Each of the four principal entity types has unique advantages and disadvantages.

Limited Liability Companies

Currently, LLCs are the most common entities utilized to hold title to real estate, comprising almost 90% of all new business entities filed in Ohio. An LLC provides limited liability to its owners (“members”), continuity of life, flexibility of allocation of profits and management rights, and the ability to be taxed as a partnership and pass tax attributes to members.

Limited Partnerships

LPs provide a set of structural options similar to LLCs, with one significant difference: the general partner bears unlimited personal liability for the LP’s obligations and debts.

General Partnerships

Historically, GPs often were used to hold real estate because they were easy to establish (no initial written agreement is required, although it is highly recommended). Owners, however, have unlimited liability for business debts and judgments. All partners share equally in the rights and responsibilities of managing the business, and each partner is responsible for the others’ actions.

Corporations

Corporations can be used to acquire real estate assets. Its essential owners comply with ongoing formalities to retain this entity form’s advantages, including shareholder limited liability for debts and judgments. Corporations are able to raise capital through stock sales, and owners risk only their investments.

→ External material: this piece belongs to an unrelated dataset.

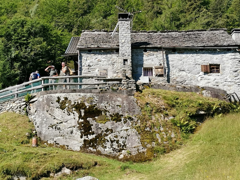 Camminiamo da quattro ore. La baita del nostro ospite di oggi è estremamente accogliente e si vedono le migliaia di ore di lavoro, negli anni, che lui ha dedicato con genialità a rendere così accogliente questo angolo di paradiso. L’aperitivo, soprattutto allo stato liquido, è gustoso e abbondante, c’è di tutto. All’unanimità, tranne il solito contestatore ignoto sempre ricco di appetiti di ogni tipo, si decide di rinunciare alla pasta programmata. Pigramente, molto più tardi, scendiamo a valle proseguendo verso occidente lungo il sentiero che poi vira a nord nel ripido bosco. All’Alpe Salviggia, 850 circa, troviamo la strada, con sbarra, che sale a Nugno. In parte su questa, passando dall’Alpe Tugliaga, e in parte sul sentiero, per evitare due gallerie, arriviamo a Ponte Cantone, 520. Insieme ad altri, mentre gli autisti recuperano le auto, incremento un po’ lo sviluppo della gita e raggiungo il centro di Varzo. A casa del creatore di Selvanera di Dentro, che raddoppia la sua squisita ospitalità, recuperiamo abbondantemente le calorie bruciate oggi da gambe e mandibole.

Corporation profits, however, may be taxed twice (at the corporate level and on distributions) because corporations are treated as separate entities with no ability to pass tax attributes to shareholders.

In general, LLCs, LPs and GPs present the opportunity for pass-through of tax attributes of property ownership and they avoid the potential for double-level taxation associated with corporate ownership. A corporation may elect to be taxed as a REIT under the Internal Revenue Code to achieve special tax advantages (see 8. Tax for more general discussion of Ohio-specific tax-related items).

Corporations

Those creating corporations must prepare and file articles of incorporation with the Ohio secretary of state and provide the authorized number of shares and their par value, as well as identify an Ohio-registered agent for service of process. They must prepare codes of regulations (by-laws) outlining governance, including meeting and voting rights, for both the board of directors and shareholders.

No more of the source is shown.